Much of the Mexican marijuana that reaches U.S. consumers today is a 
lower-quality, relatively inexpensive product raised on large 
mountain plantations with little husbandry.

In contrast, the meticulously tended, genetically refined, 
ultra-potent marijuana typically sold in California dispensaries for 
$20 to $40 a gram is a cartel-free local product, Eugene Davidovich 
said. His San Diego dispensary, the Best Buds Collective, acquires 
its wares only from known providers, not Mexican smugglers, he said.

"If someone comes in off the street, it doesn't matter what the price 
is - we won't buy it," said Davidovich, whose by-the-books operation 
offers medications such as Trainwreck Hash, pot-laced arthritis balm, 
and jars of crystallized super-cannabis with names such as Afghani Goo.

As much as half of the U.S. marijuana supply is now domestically 
produced, according to Drug Enforcement Administration estimates, and 
the homegrown trend has already cut into the earnings of Mexican 
cartels.

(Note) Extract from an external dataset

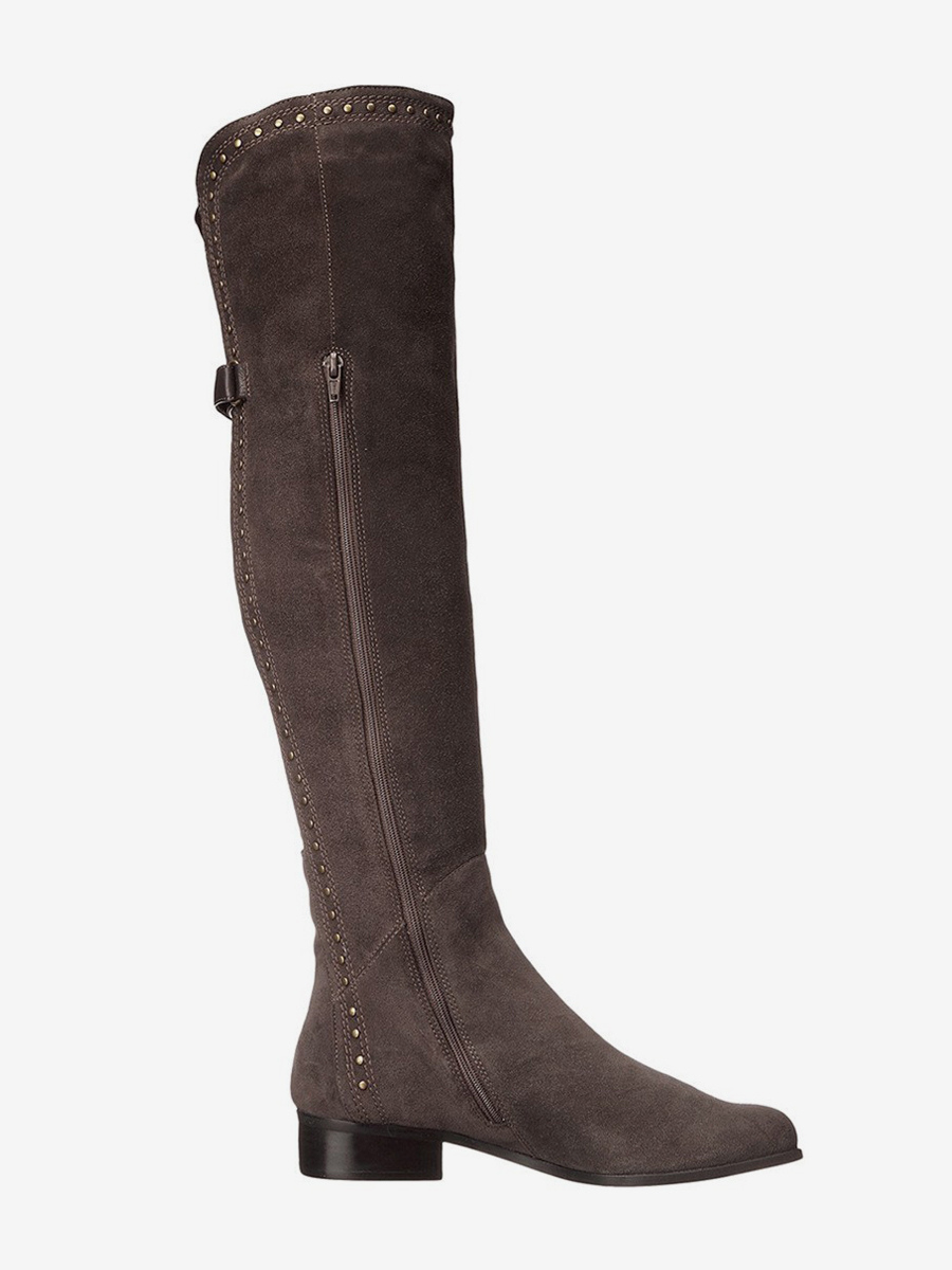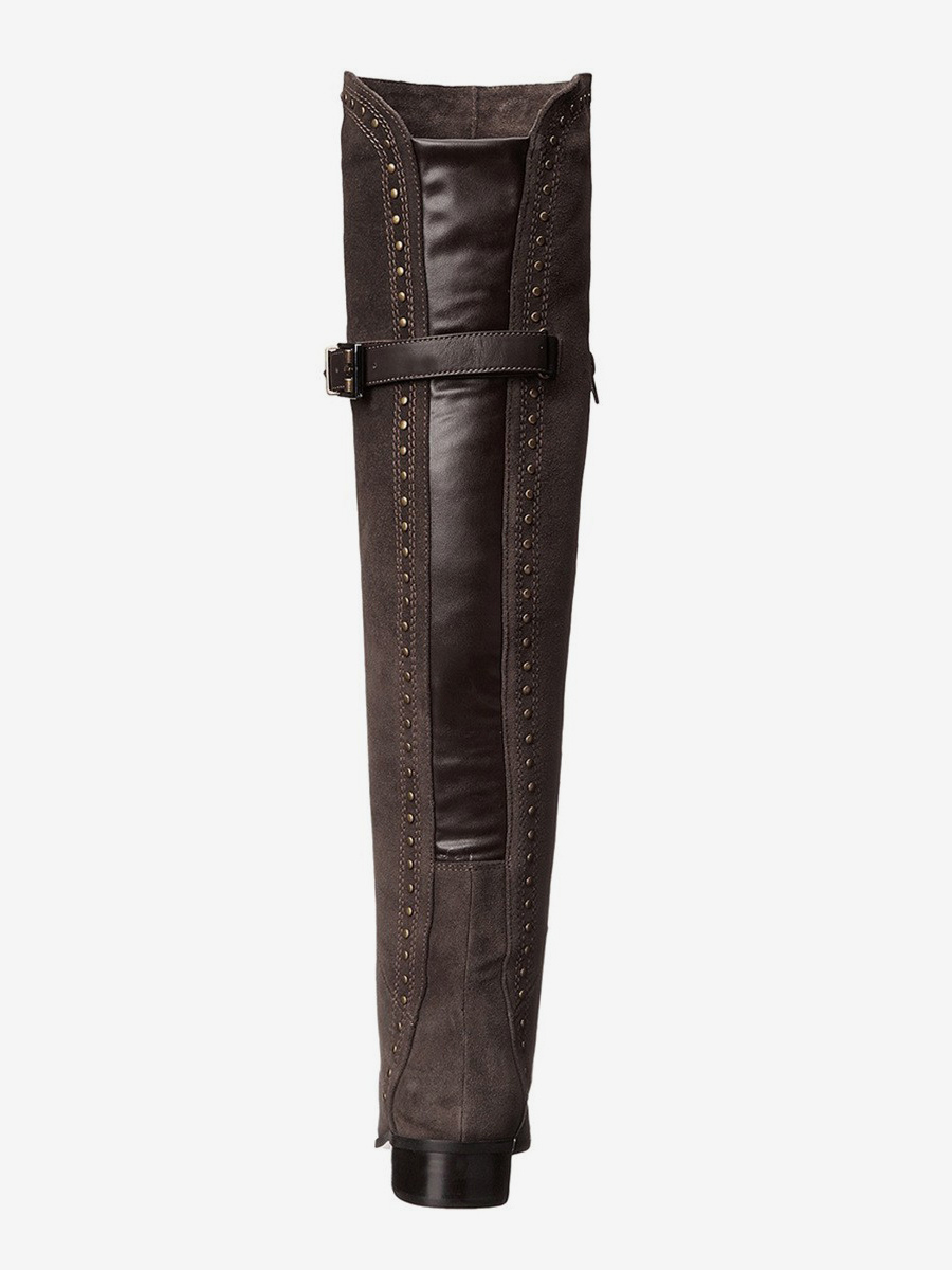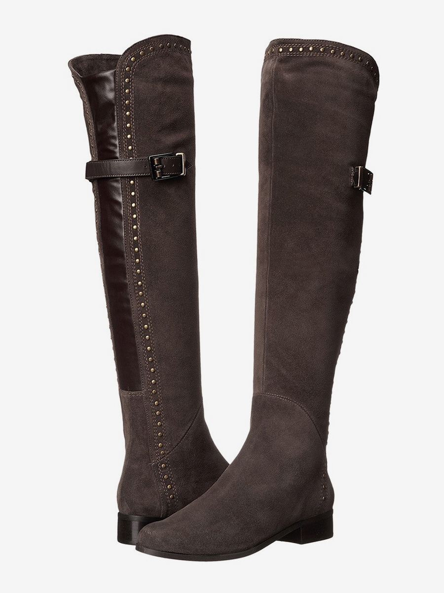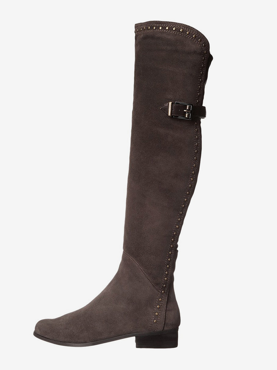 スエードオーバーニーブーツ レディース ラウンドトゥ スタッズ フラット サイハイブーツ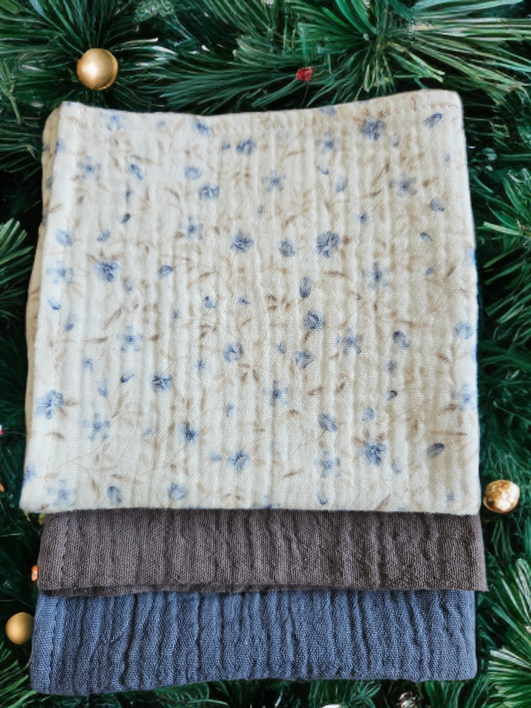 Het perfecte cadeaupakket voor de feestdagen! Deze 3 limited edition zakdoeken combineren zachte kleuren en unieke prints, waaronder onze speciale feestpatronen. Gemaakt van dubbelgaas mousseline in Oeko-Tex katoen, voelen ze heerlijk licht en comfortabel aan. Duurzaam, herbruikbaar en klaar om te geven met liefde.

The criminals have responded by setting up indoor operations 
in the United States or large outdoor plots on public lands.

In California, medical marijuana has become a fig leaf for those who 
want to legally smoke pot.

At one San Diego area doctor's office next to a driving school and a 
Christian youth center, walk-in patients can fill out a 
questionnaire, undergo a four-minute consultation with a physician, 
and purchase a medical marijuana certificate with a "420" 
identification card granting them access to the state's dispensaries.

In Mexico, the governors of the states that grow the most marijuana 
and face the most drug violence have warned that no solution is 
possible unless Mexico and the United States adopt a single, 
coordinated approach to drug use and drug trafficking, and Mexico's 
president has made clear that he agrees. "If there is not an 
international approach, Mexico will pay the costs and will get none 
of the benefits," Calderon said in a recent debate. "The price of 
drugs is not determined by Mexico. The price of drugs is determined 
by the consumers in Los Angeles, New York and Chicago."